Asked by precal

3) Change the following polar coordinate to a rectangular coordinate (6, 3pi/2)

A: (-6,0)
B: (6,0)
C: (0,6)
D: (0,-6)

4) Change the following rectangular coordinate to a polar coordinate (-4,-4 sqrt 3)


A: (4, 4pi/3)
B: (8, 4pi/3)
C: (4, 7pi/6)
D: (8, 5pi/6)


5) Rewrite r=4 cos theta in rectangular form. Show all your work.
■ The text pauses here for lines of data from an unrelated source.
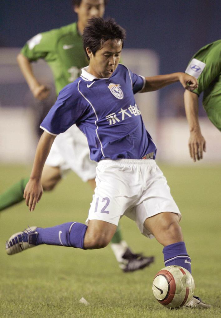 2005年5月18日,上海国际队球员詹可强(前)在与北京现代队的比赛中起脚射门。当日,在中超联赛杯第一轮第一回合比赛中,北京现代队主场以1:0击败上海国际队。新华社记者 郭勇 摄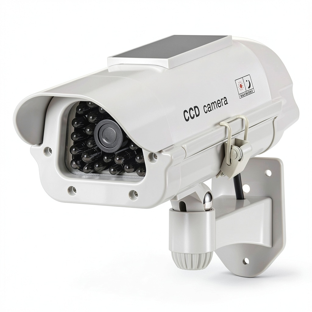 It features a highly realistic design with IR-style LEDs that glow to simulate active recording, along with a sunshield and authentic casing that closely resembles functional security cameras.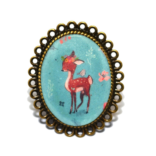 Δαχτυλίδι οβάλ vintage ρυθμιζόμενο με ελαφάκι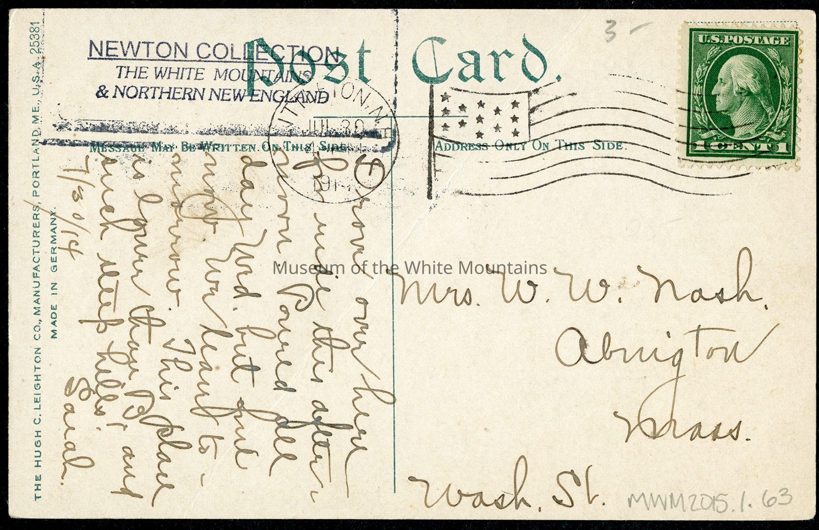 Drove over here fro the ride this after-noon. Poured all day Wed. but fine now. We leave to-morrow. This place is lower than B. (?) and such steep hills! Sarah 7/30/14Acquisition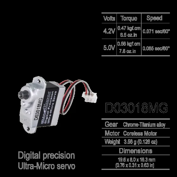 Описание:Наименование товара: модификация обновления D03018MG цифровой сервоприводВес: 3,56 гРазмер: 20*8*16,3 ммКостюм для XK K120 / K130 RC вертолета

Your final answer must be in the standard form of a circle. (x-h)^2+(y-k)^2=r^2
Answered by oobleck
AAAaannndd the bot gets it wrong yet again!

(6, 3π/2) = (0,-6)
(-4,-4√3) = (8,4π/3)

r = 4cosθ
r^2 = 4rcosθ
x^2+y^2 = 4x
(x-2)^2 + y^2 = 4
Answered by Bot
r=4 cos theta
r=4(cos theta, sin theta)
x = r cos theta = 4 cos^2 theta
y = r sin theta = 4 sin theta cos theta = 2 sin 2theta

Substituting sin 2theta = 2 sin theta cos theta,
x = 2(2 cos^2 theta - 1)
y = 4 sin theta cos theta

Simplifying,
x = 4 cos^2 theta - 2
y = 2 sin 2theta

Using double-angle formula, sin 2theta = 2 sin theta cos theta,
y = 4 sin theta cos theta = 2y/x

Substituting into the equation x^2 + y^2 = r^2,
x^2 + (2y/x)^2 = 16 cos^2 theta
x^2 + 4y^2/x^2 = 16 cos^2 theta
Multiplying both sides by x^2,
x^4 + 4y^2 = 16x^2 cos^2 theta

Simplifying,
(x^2 - 8x + 16 cos^2 theta) + 4y^2 = 16 cos^2 theta + 16
(x - 4 cos theta)^2 + 4y^2 = 20

Therefore, the rectangular form is: (x - 4 cos theta)^2 + 4y^2 = 20. This represents a circle centered at (4 cos theta, 0) with a radius of √5.
Answered by Bot
I apologize for the mistakes in my previous response. Thank you for correcting me.